[Opening Source data section]

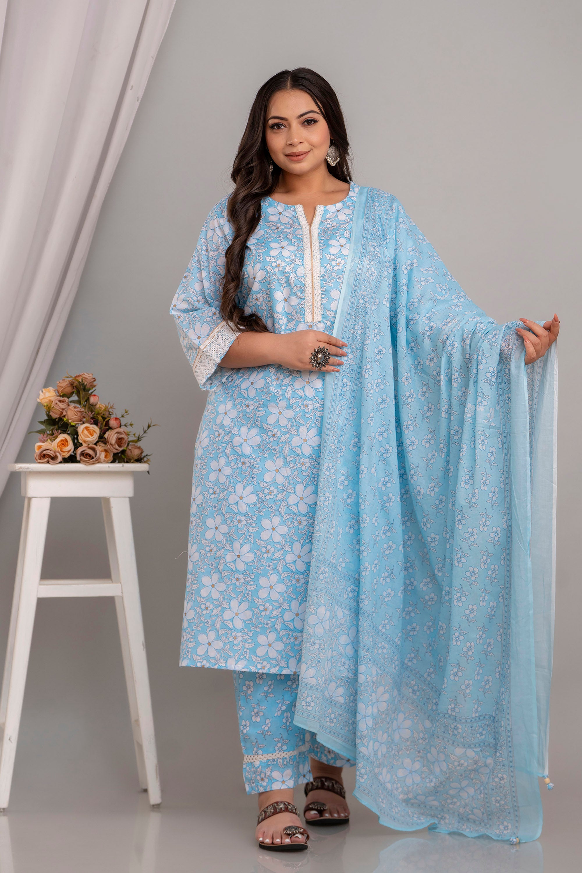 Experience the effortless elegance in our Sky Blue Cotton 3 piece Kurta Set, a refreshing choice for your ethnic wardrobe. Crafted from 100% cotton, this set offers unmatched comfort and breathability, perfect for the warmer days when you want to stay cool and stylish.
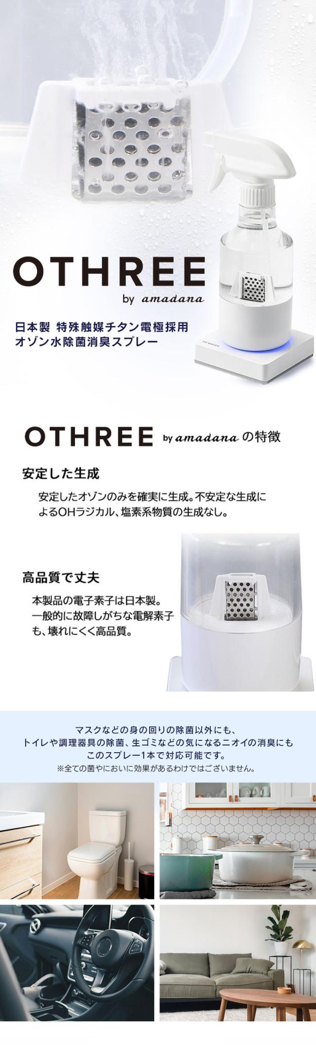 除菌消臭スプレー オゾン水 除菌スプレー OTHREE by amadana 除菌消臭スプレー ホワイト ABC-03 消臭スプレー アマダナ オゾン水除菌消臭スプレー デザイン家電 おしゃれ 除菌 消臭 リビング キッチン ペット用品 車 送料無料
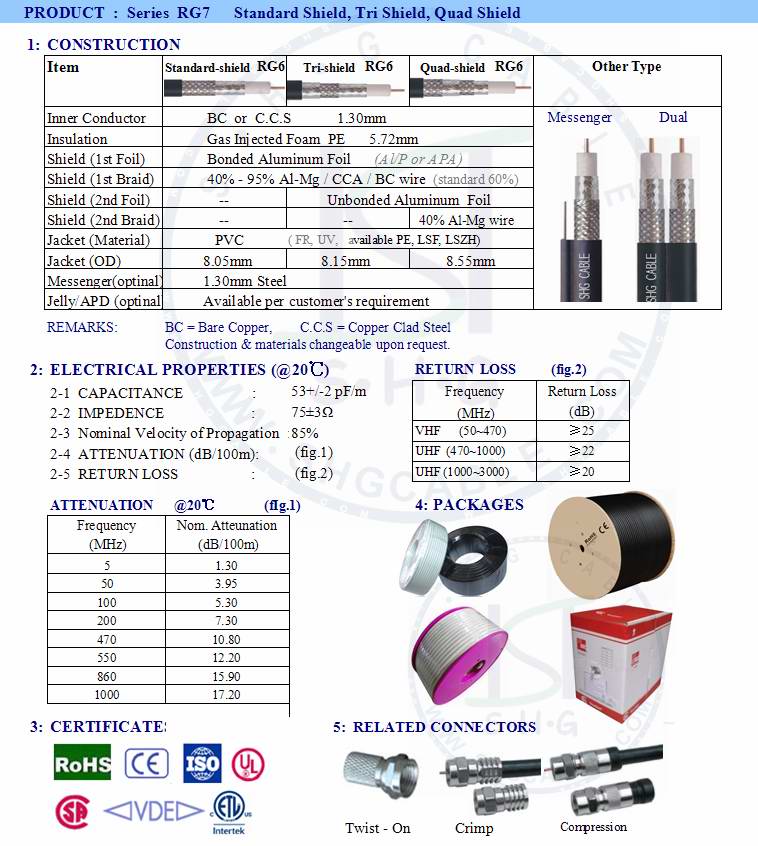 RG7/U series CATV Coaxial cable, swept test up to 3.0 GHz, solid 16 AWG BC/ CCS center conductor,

[Closing Source data section]

Exercise requirements:
Without the pictures, return the listing above from its first line through the line that has "除菌消臭スプレー オゾン水 除菌スプレー".

Problem solution:
 Experience the effortless elegance in our Sky Blue Cotton 3 piece Kurta Set, a refreshing choice for your ethnic wardrobe. Crafted from 100% cotton, this set offers unmatched comfort and breathability, perfect for the warmer days when you want to stay cool and stylish.
 除菌消臭スプレー オゾン水 除菌スプレー OTHREE by amadana 除菌消臭スプレー ホワイト ABC-03 消臭スプレー アマダナ オゾン水除菌消臭スプレー デザイン家電 おしゃれ 除菌 消臭 リビング キッチン ペット用品 車 送料無料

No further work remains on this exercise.